Ne izler sorusundan kasıt tv ise; nerede bi absürtlük var onu izlerim. Evde isem mutlaka İzdivaç programları, Yemekteyiz, Flash Tv ve benzeri tipte kanallar arasında gezerim. Canlı canlı youtube videosu izlemek gibi bir şey onları izlemek. Eskiden cnbc-e, E2 tayfasındandım ama televizyondaki sansürler, reklamlar, alttan üstten çıkan saçmasapan şeyler yüzünden televizyondan dizi, film hayatta izlemez oldum. "Ayhan Sicimoğlu"nun resmen hastasıyım. Kaçırmam programını. Ayrıca Wipeout izlemediğim bir haftayı yaşıyorum saymam. Orhan Ayhan'a oldum olası hayrandım zaten. Wipeout ile de bu doruğa çıktı. NTV Spor'un Burcu Esmersoy, Sergen Yalçın, Hakan Ünsal üçlüsünün olmadığı her programını izliyorum. Diğer futbol programlarından da en sevdiğim Total Futbol.
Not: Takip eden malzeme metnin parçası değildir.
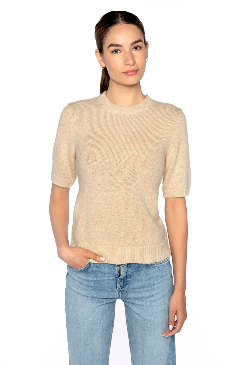 Kinross Lofty Lurex Short Sleeve Crew in Blonde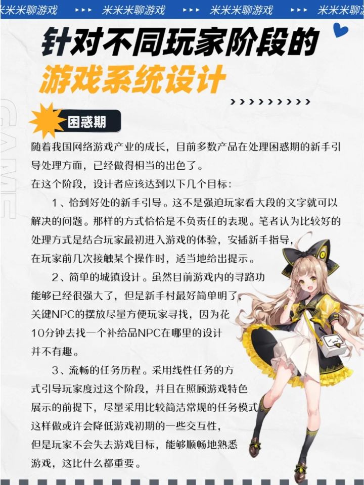 在游戏的广阔宇宙中,每位玩家的旅程都是独一无二的。从初入游戏世界的迷茫新手,到成为游戏世界的熟练探险家,再到可能因挑战不再新鲜而逐渐远离,玩家的每一个阶段都值得被精心设计和呵护。今天,就让我们一起探索如何通过游戏系统设计,引导玩家经历一场精彩纷呈的冒险旅程。一、困惑期 — 新手的启航每位玩家都曾是新手,面对新奇的游戏世界,可能会感到困惑和迷茫。在这个阶段,我们的目标是提供恰到好处的新手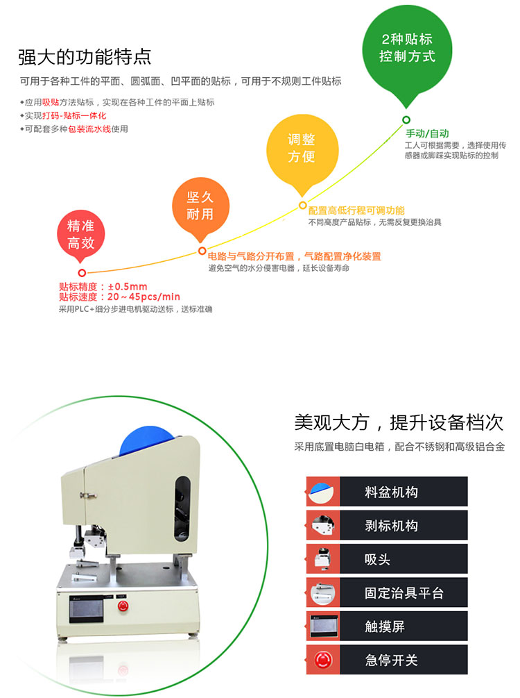 半自動高精度平面貼標機有著以下產品特點: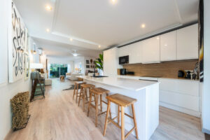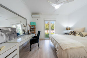 La cocina abierta y funcional complementa el estilo de la casa con líneas limpias y sutiles acabados en tonos tierra, ideal tanto para el día a día como para el entretenimiento. Los tres dormitorios son amplios, diseñados como remansos de paz con textiles en capas, maderas naturales y una atmósfera tranquila y espaciosa. Los baños siguen la misma estética, combinando sencillez con carácter.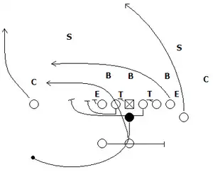 In American football, a bootleg play is a play in which the quarterback runs with the ball in the direction of either sideline behind the line of scrimmage. This can be accompanied by a play action, or fake hand off of the ball to a running back running the opposite direction.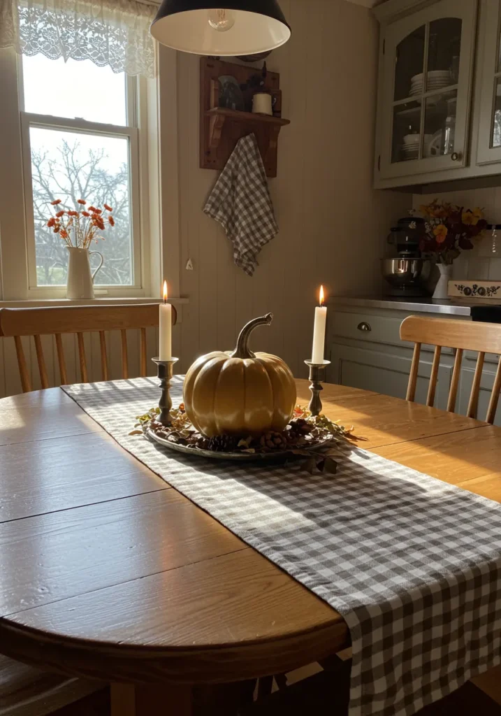 I adore how this look feels like a scene from a cozy farmhouse kitchen on a crisp November morning. The gingham pattern keeps it playful, while the candles add a romantic, old-fashioned charm. It’s one of those setups that make you want to linger a little longer after dessert, just soaking up that calm, golden light.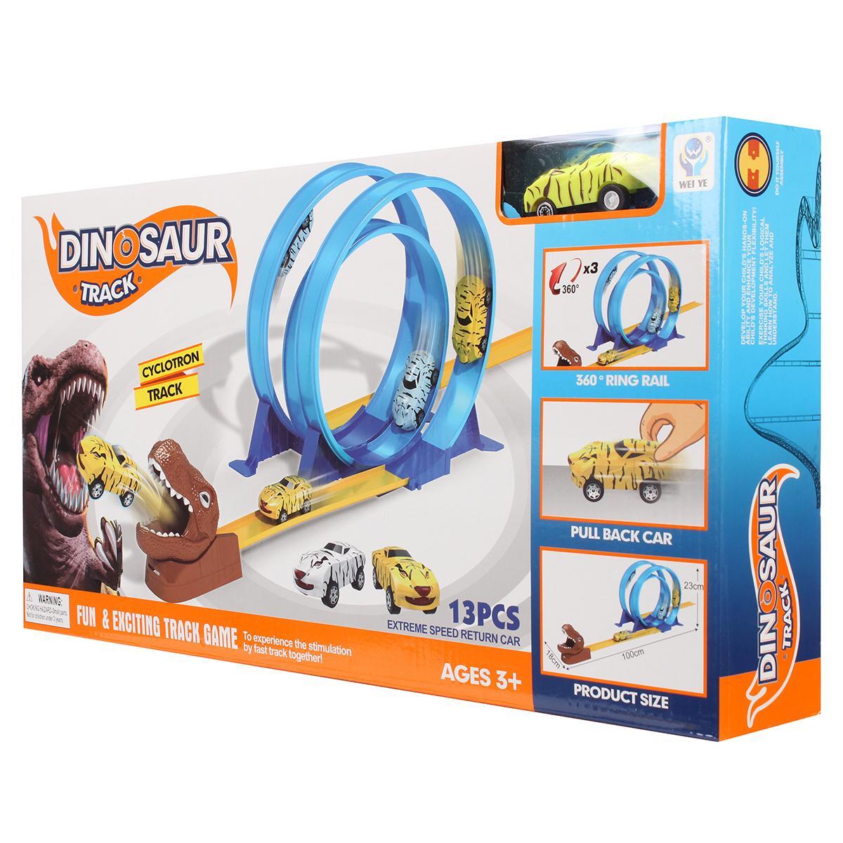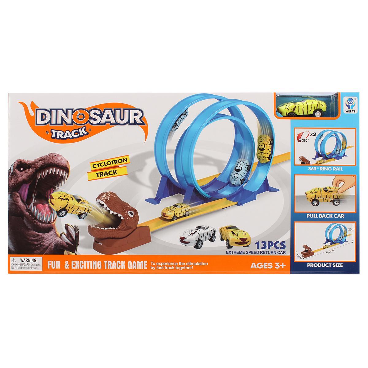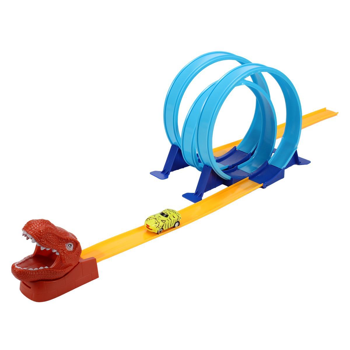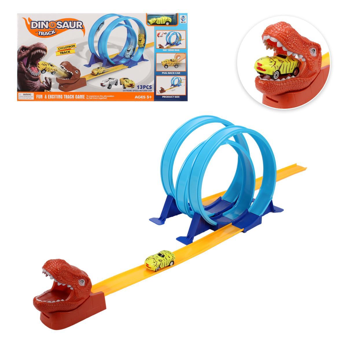 Яркий автотрек с динозавром для захватывающих гонок

Hayatımda izlediğim en iyi dizi Six feet Under’dır. Üzerine tanımam. OZ gelir sonra. Yine eskilerden Seinfeld ve Friends’i severim. Şu an devam edenlerden de en sevdiklerim Dexter, Breaking Bad, House, ve Weeds. Lost’u da unutmayalım tabi ki. Sinema için de izlediğim film sayısını inanın bilmiyorum. Ama tahminim 1000’e yakındır. Yönetmen önemlidir benim için önce. Şimdi tek tek saymayayım. Ama son dönemde en çok Uzakdoğu ve İspanyol sinemasından çok iyi işlerin çıktığını söyleyeyim. Zaten haberin vardır yakında son 20 yılı kapsayan bir yazı dizisine başlayacağım.
Ne dinlerim ? Bu da klişe olacak ama bence güzel müziğin türü olmaz. Güzel müzik hangi türde olursa olsun güzel müziktir. Dolayısıyla belirli bir müzik türüne saplantım yok. "Bırak tatavayı isim ver isim" dersen illa, o zaman da upuzun bi liste verir, zaten uzun cevapladığım soruların iyice suyunu çıkarırım. Zaten haftada bir "Haftanın Şarkısı" diye bi bölüm var blogda. Orda az çok beğendiğim şarkı tipleri ve isimler belli olur. Barış Manço, Zeki Müren, Orhan Gencebay, Sezen Aksu isimleri kalıptır zaten. Son dönemlerde daha önceleri orda burda laf soktuğum ama tükürdüğümü bana fena yalatan Sagopa Kajmer'e taktım kafayı. Gece gündüz onu dinliyorum. Ecnebilerden de Cranberries'e ve Dolores'e özel bir hayranlığım var. Onun dışında etnik grupları severim. Bu aralar ecnebilerden de Calexico’ya takıldım. Ama yine başa dönersem güzel müzik güzel müziktir.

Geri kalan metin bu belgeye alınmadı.